**What is needed:**
Work through the listing below and give again exactly the lines from the one with "Deze roestvrijstalen box-ketting" to the one with "Setul este echipat", both ends included. All other lines and all pictures stay out.

**Extracted entries:**
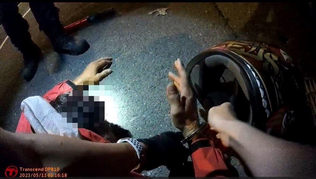 【記者尤華恩/台南報導】臺南市政府警察局保安警察大隊特殊任務編組吳姓、郭姓隊員於5月13日凌晨1時許巡邏勤務,行經臺南市南區濱南路附近魚塭旁道路,發現一部紅黑色普通重機車以時速破百公里飆速行駛,為防止渠發生危險及保護其他用路人生命財產安全,警方遂立即上前鳴笛示警,並以廣播器警示其靠邊停車,將渠攔截後警方為了解其身分,循線發現該洪姓駕駛人(男,62年次)竟同時遭臺中地方法院檢察署及臺中地方法院分別因毒品危害防制條例、洗錢防制法發布通緝中,吳姓隊員立刻要求洪嫌蹲下配合逮捕,沒想到洪嫌消極不配合,開始支吾其詞、並突然向一旁走開,吳姓、郭姓隊員見攔查地點左有大馬路,右有漁塭,為避免洪嫌逃脫發生立即危險,旋即施以強制力將其壓制在地上銬逮捕,並帶返隊部偵辦,後經採集洪嫌尿液進行毒品初篩,呈二級毒品安非他命陽性反應。本案分別依發布通緝之管轄單位解送臺中地院及臺中地檢歸案,施用二級毒品安非他命案依法函送,至於洪嫌疑似毒駕行為, 將俟毒品檢驗確定後,再依法偵處。
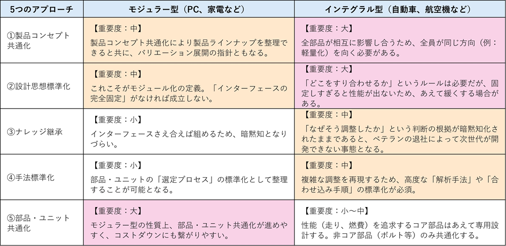 一般的に標準化はモジュラー型の方が進めやすい一方で、インテグラル型でも「設計思想標準化」や「手法標準化」によって設計効率を高めることは可能です。むしろ日本企業が得意とするインテグラル型設計では、暗黙知のナレッジ継承が競争力の源泉になり得ると考えられます。したがって、製品アーキテクチャによって標準化の重点領域は変化すると考えられます。細かくは下表に示す通りです。
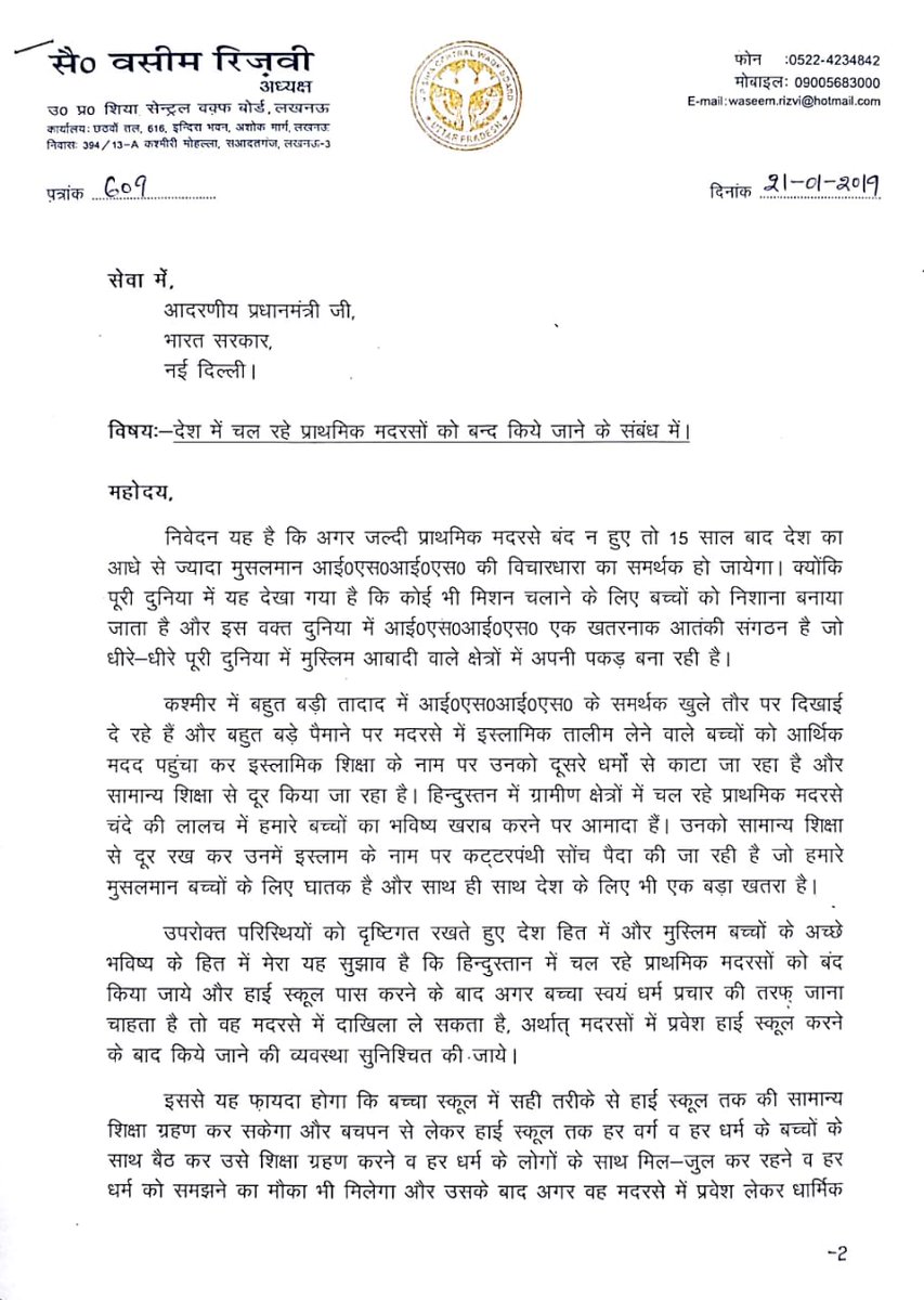 उत्तर प्रदेश शिया वक्फ बोर्ड के अध्यक्ष वसीम रिजवी ने प्रधानमंत्री नरेंद्र मोदी को पत्र लिखकर देश में चल रहे मदरसों को बंद करने का अनुरोध किया है। रिजवी ने कहा है कि इन मदरसों में आतंकी संगठन (आईएसआईएस) की विचारधारा को प्रमोट किया जाता है, जिसका असर बच्चों पर पड़ता है।
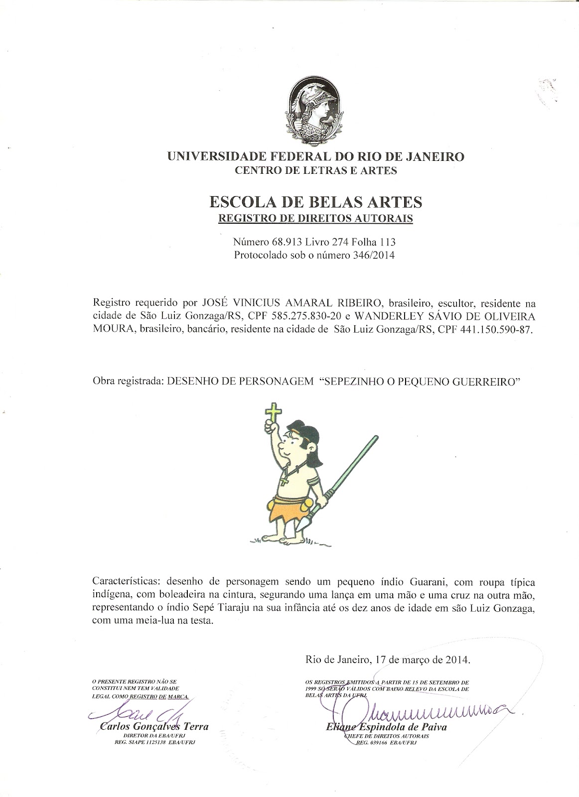 Criei em 2012 uma versão infantil do Sepé, a qual batizei de "Sepezinho o Pequeno Guerreiro". Com o objetivo de exaltar o período no qual Sepé viveu aqui em São Luiz Gonzaga e de incentivar as crianças a conhecerem a história dele. Sepé de acordo com alguns escritores(entre esses destaco o sr. Alcy Cheuiche com sua obra de 1975: Sepé Tiaraju), nasceu em São Luiz Gonzaga e viveu aqui até os seus 10 anos de idade, indo morar posteriormente em São Miguel das Missões.
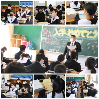 1年生の教室の黒板には、3年生による素敵な歓迎の絵が描かれています。
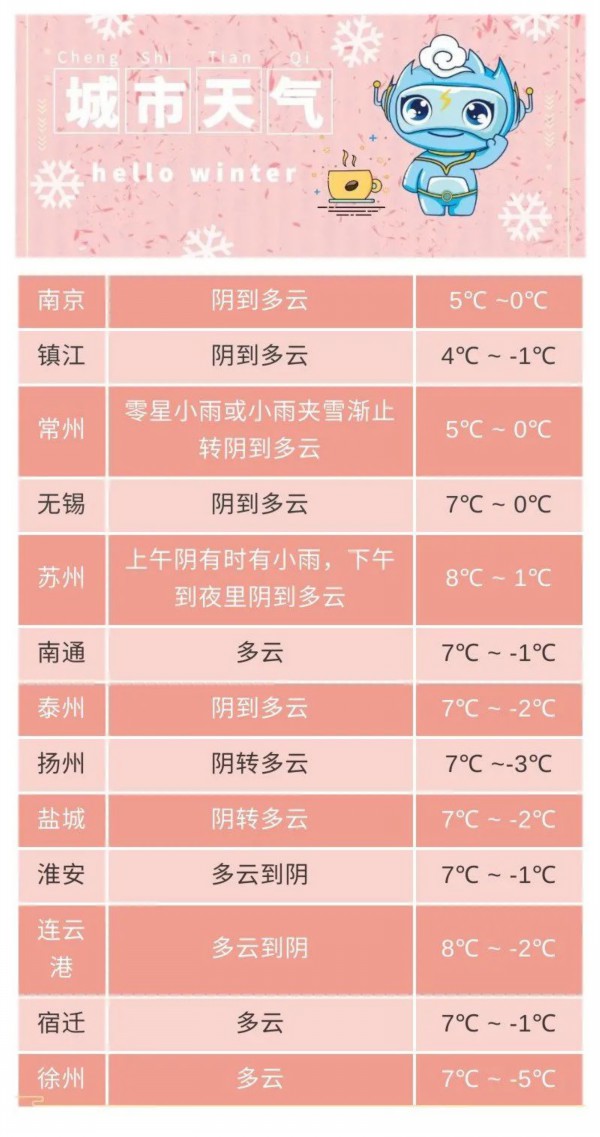 明晨最低温度:苏南南部地区0℃左右,其它地区-3℃左右,局部有冰冻
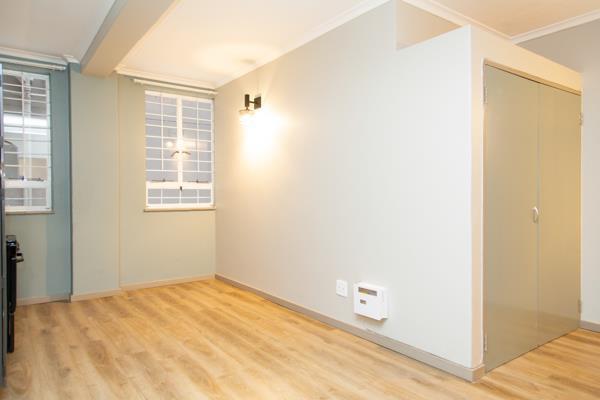 The apartment can accommodate three adults, has a neat kitchen with built-in cupboards and an en-suite bathroom. The rooms are spacious, and the bedroom also has built-in cupboards. Other features include: 24-hour security, biometric access, DStv connectivity, as well as prepaid electricity. Our friendly live-in building manager is there to assist with maintenance and service requests.
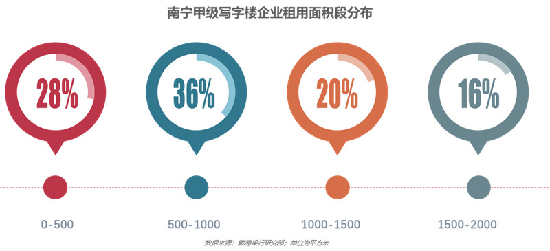 从2019年需求结构来看,在房地产市场热度较高的当下,建筑业与房地产业成为南宁写字楼市场的核心客群,二者租赁成交面积占比分别为32%、25%,相加接近六成;而专业服务业、TMT、金融业则分别占比12%、9%、9%,该行业构成与多数一线城市及重点二线城市相去甚远。未来,作为带动经济发展重要动力的TMT、金融业、专业服务业在南宁仍有着巨大的发展空间。此外,全年租赁成交中鲜见总部企业和外资企业,可见当前南宁商务市场对此类客户的吸引力仍然有限,这也是未来在城市发展、政策支持等的促进下可改善的一大方向,如总部型企业的引进不仅可以大体量去化办公物业,还有助于集聚上下游关联企业,促进产业链的完善。通过企业租用甲级写字楼办公空间面积段分布分析,租用1000平方米(含)及以下甲级写字楼办公空间的企业数量占比达64%,反映了中小型企业是现阶段南宁甲级写字楼租赁市场的主要客群,同时亦有部分大型企业的区域分支租用。
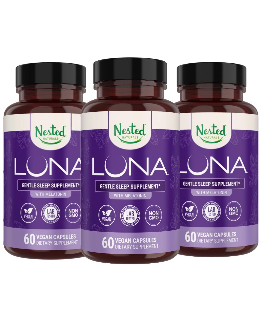 Nested Naturals Luna Herbal Sleep Supplement with Melatonin Valerian Root Chamomile | 180 Vegan Capsules (3-Pack) - 60 Capsules Per Bottle
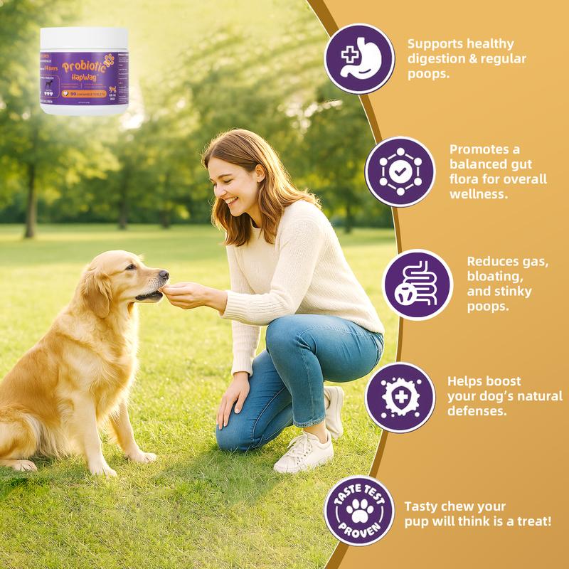 Firmer stools,balanced flora, and wag-worthy wellness! Probiotic HapWag brings harmony in every chew. When the belly's at peace, the world feels a little more playful.
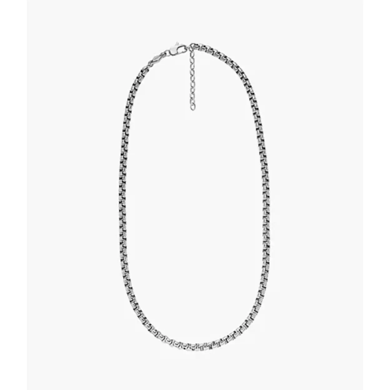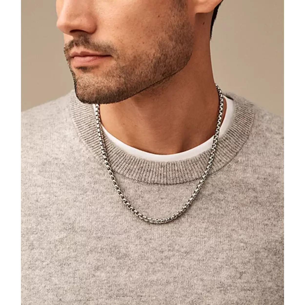 Deze roestvrijstalen box-ketting met hoogglans afwerking is net zo klassiek als een goed maatpak of je favoriete T-shirt (en combineert goed met beide). Draag het zelfstandig als een alledaags item of gelaagd met je favoriete kettingen.
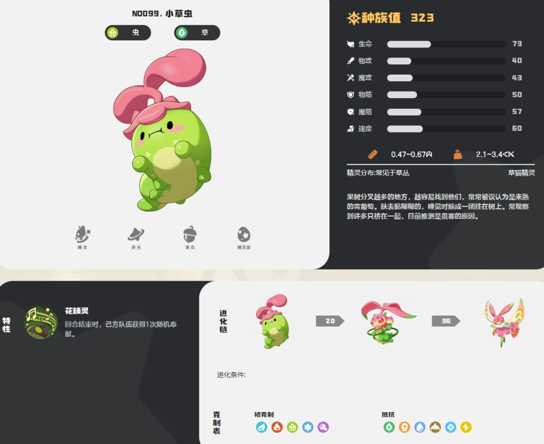 洛克王国世界小草虫图鉴玩家可以在游戏中抓取各种宠物,组成队伍进行战斗,比如小草虫,喜欢可以看看,给大家带来一些帮助。
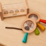 Setul este echipat cu un suport de lemn cu capac transparent, care facilitează depozitarea și protejează lupele. Copiii sunt încurajați în curiozitatea și învățarea lor prin joacă, ceea ce contribuie la dezvoltarea abilităților de observare.
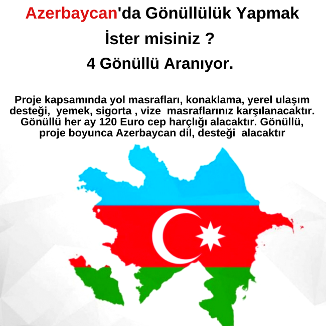 Proje kapsamında yol masrafları, konaklama, yerel ulaşım desteği, yemek, sigorta , vize masraflarınız karşılanacaktır. Gönüllü her ay 120 Euro cep harçlığı alacaktır. Gönüllü, proje boyunca Azerbaycan dil, desteği alacaktır
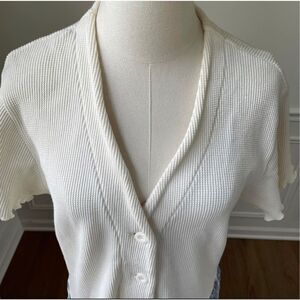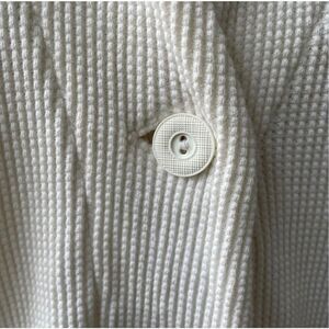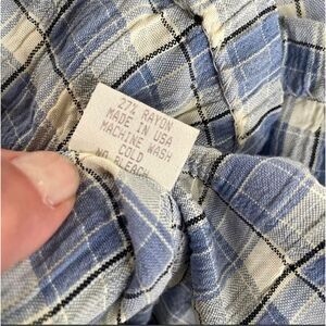 90s Barbara Lesser dress but it’s made in the USA so it is possible it’s late 80s- prairie style dress. Waffle thermal material Vneck top with buttons and short sleeves that are finished with a lettuce hem, and a plaid seersucker skirt, falling from the waist in shades of blue. The top is cotton Lycra blend, and the skirt is acetate and rayon (the acetate surprised me, it feels more like rayon seersucker). Very on trend with today’s current cottage core Prairie country western aesthetic. No noted flaws. Tag size large, but please double check measurements to ensure the proper fit for you as the fit is supposed to be loose and relaxed. Measurements are approximate and taken while laying flat: 19 inches straight across the waist, 19 inches from armpits to armpit and 53.5 inches shoulder to hem.

**Result of this exercise:**
 Deze roestvrijstalen box-ketting met hoogglans afwerking is net zo klassiek als een goed maatpak of je favoriete T-shirt (en combineert goed met beide). Draag het zelfstandig als een alledaags item of gelaagd met je favoriete kettingen.
 洛克王国世界小草虫图鉴玩家可以在游戏中抓取各种宠物,组成队伍进行战斗,比如小草虫,喜欢可以看看,给大家带来一些帮助。
 Setul este echipat cu un suport de lemn cu capac transparent, care facilitează depozitarea și protejează lupele. Copiii sunt încurajați în curiozitatea și învățarea lor prin joacă, ceea ce contribuie la dezvoltarea abilităților de observare.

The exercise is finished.